Supplied material:
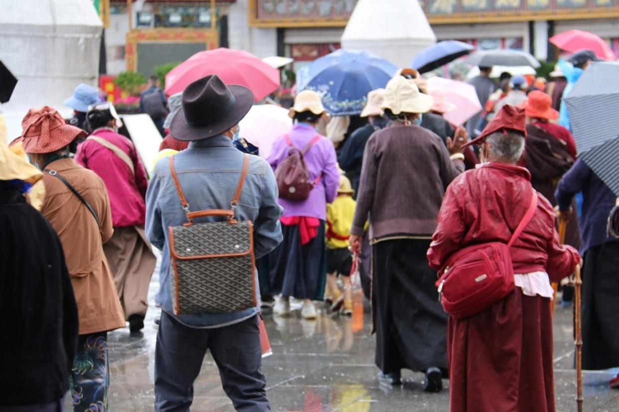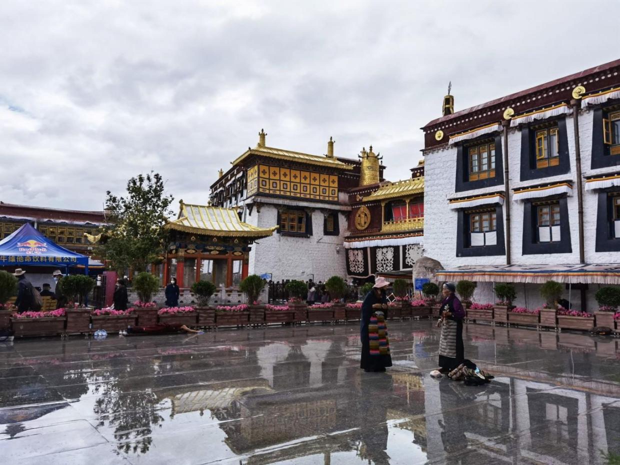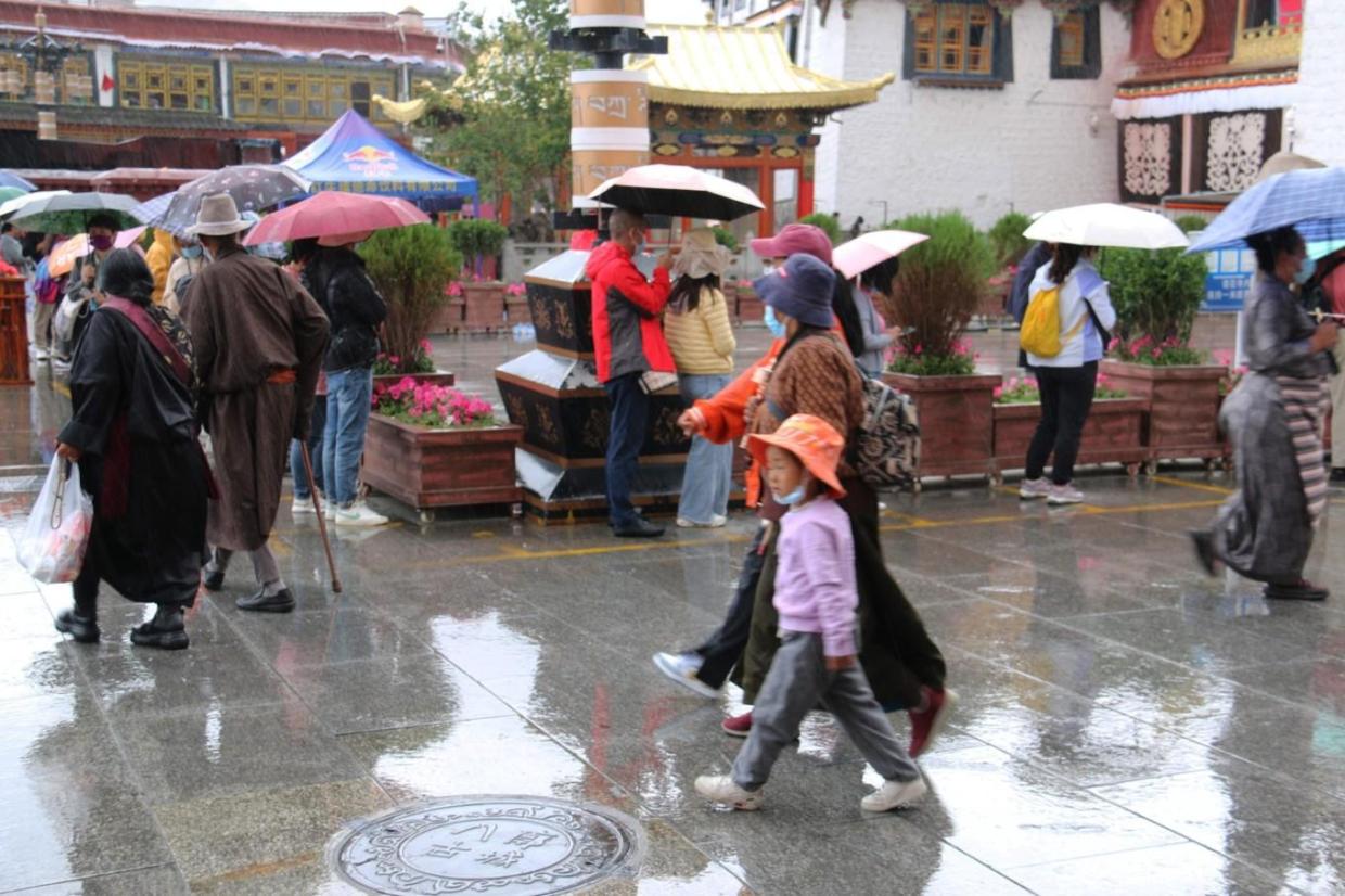 雨水中,虔诚信徒三步一头,顺时钟沿着大昭寺磕着五体投地的长头,身边的游客与民众都不在他们的眼中,走三步,跪下,全身匍匐在地,不知道此刻他们的内心世界是什么样的世界,也许尊重理解是此刻彼此的最大公约数。
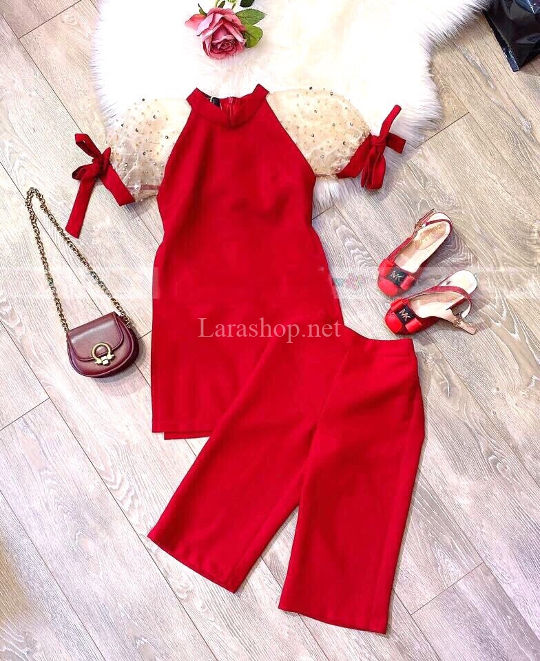 Bộ áo dài đỏ cách tân, có 2 dòng size nhí và đại – A991 Size nhí: 2-9, 170k/bộ; size đại: 10-15, 185k/bộ
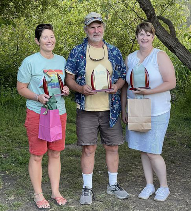 joins Dani Gouerber Moffit and Dick Leander. Pictured from left are
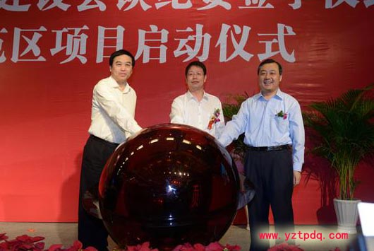 扬州市委书记谢正义、市长朱民阳、江苏省电力公司总经理单业才共同宣布扬州配电网建设和管理示范项目正式启动。

Work request: Omitting all pictures, restate word for word the lines from the one containing "joins Dani Gouerber" through the last line of the data.

Solved problem:
 joins Dani Gouerber Moffit and Dick Leander. Pictured from left are
 扬州市委书记谢正义、市长朱民阳、江苏省电力公司总经理单业才共同宣布扬州配电网建设和管理示范项目正式启动。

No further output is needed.